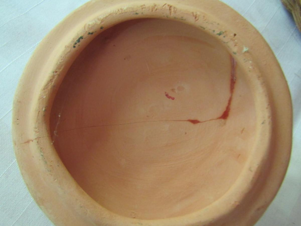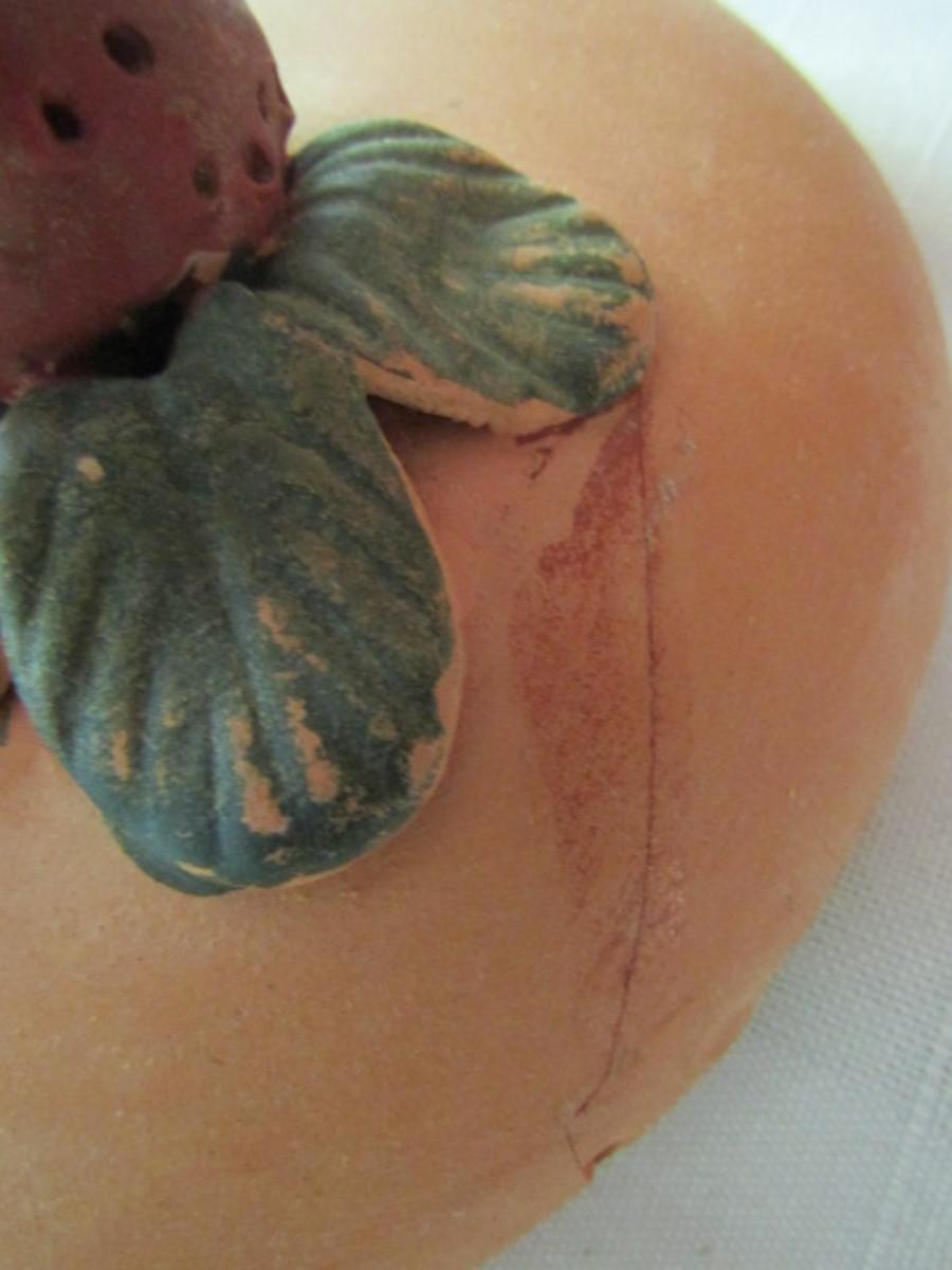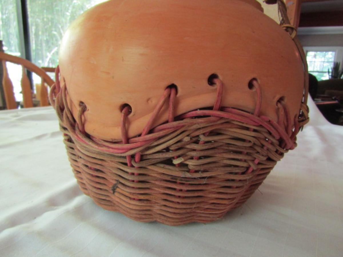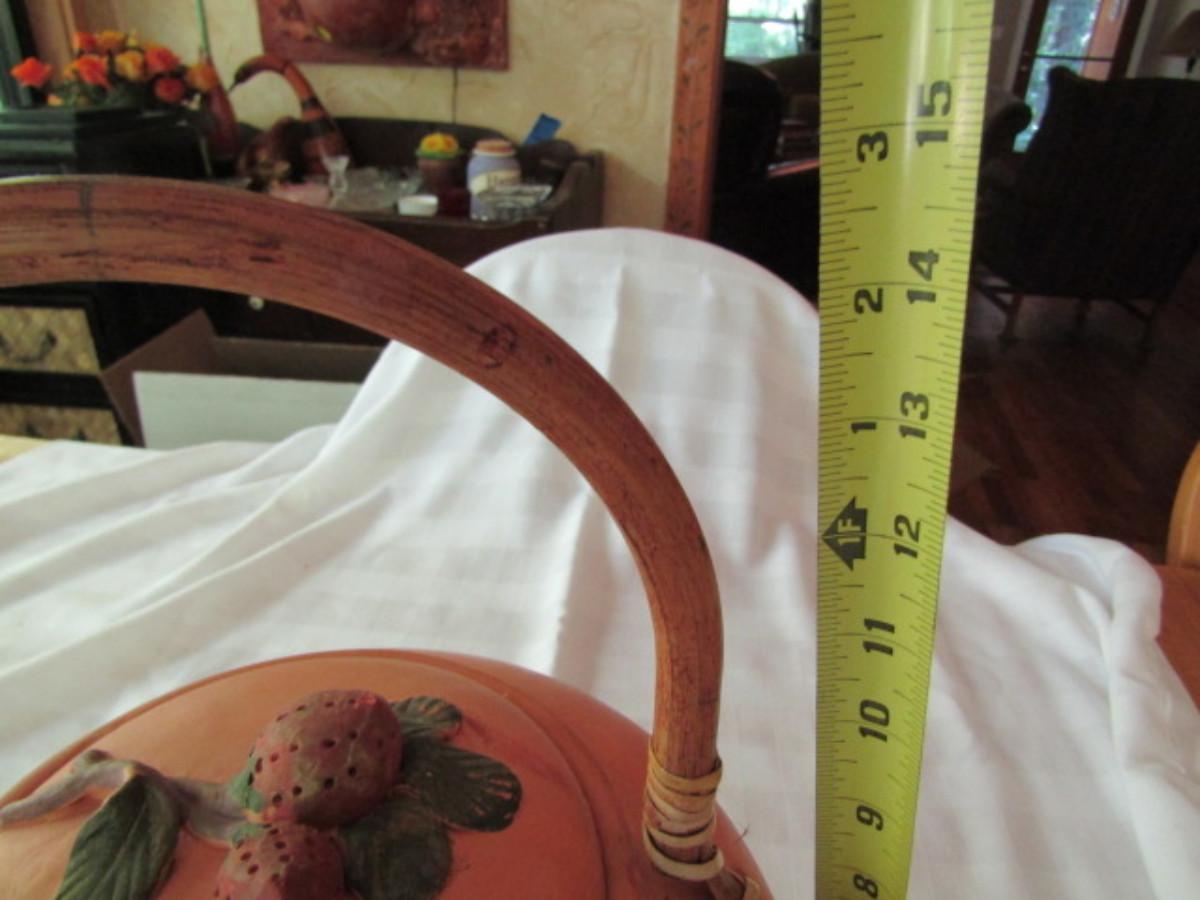 Terra Cotta Topped Basket- Strawberry Theme. Please see all pictures- Lid has been repaired.
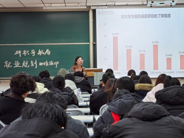 本次活动以“精准赋能、破解迷茫”为目标,依托王园老师深耕就业指导领域多年的经验积累,紧扣当下经济形势与就业动态,从宏观视角切入,解析行业趋势与市场需求。王老师强调,职业规划的本质是立足自身优势与市场契合点的长远布局,而非简单的选项抉择。其分享聚焦“复合型人才”培养理念,呼应新时代对人才的综合素质要求,为参与同学明确了能力提升的核心方向。通过打破对职业领域的认知局限,引导学生树立“自我认知+市场需求”双维度的规划思维,活动有效填补了信息不对称带来的困惑,助力学生构建系统化的职业认知体系。
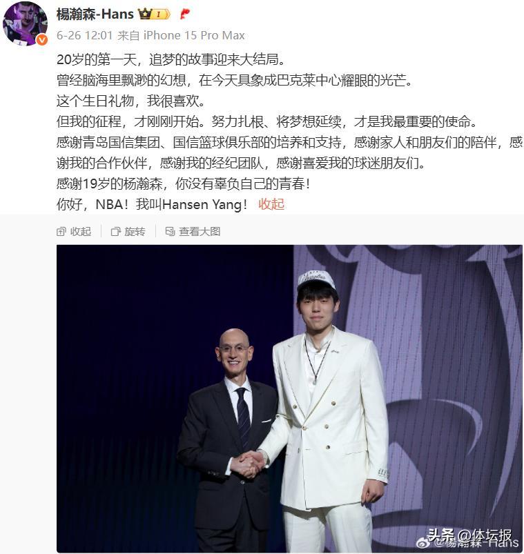 楊瀚森於2005年6月26日出生在山東省淄博市,選秀當天正好是他20歲的生日。

-*-*-

_BRIEF_
Print all of the material exactly. Omit pictures.

_SOLUTION FOR THIS TASK_
 Terra Cotta Topped Basket- Strawberry Theme. Please see all pictures- Lid has been repaired.
 本次活动以“精准赋能、破解迷茫”为目标,依托王园老师深耕就业指导领域多年的经验积累,紧扣当下经济形势与就业动态,从宏观视角切入,解析行业趋势与市场需求。王老师强调,职业规划的本质是立足自身优势与市场契合点的长远布局,而非简单的选项抉择。其分享聚焦“复合型人才”培养理念,呼应新时代对人才的综合素质要求,为参与同学明确了能力提升的核心方向。通过打破对职业领域的认知局限,引导学生树立“自我认知+市场需求”双维度的规划思维,活动有效填补了信息不对称带来的困惑,助力学生构建系统化的职业认知体系。
 楊瀚森於2005年6月26日出生在山東省淄博市,選秀當天正好是他20歲的生日。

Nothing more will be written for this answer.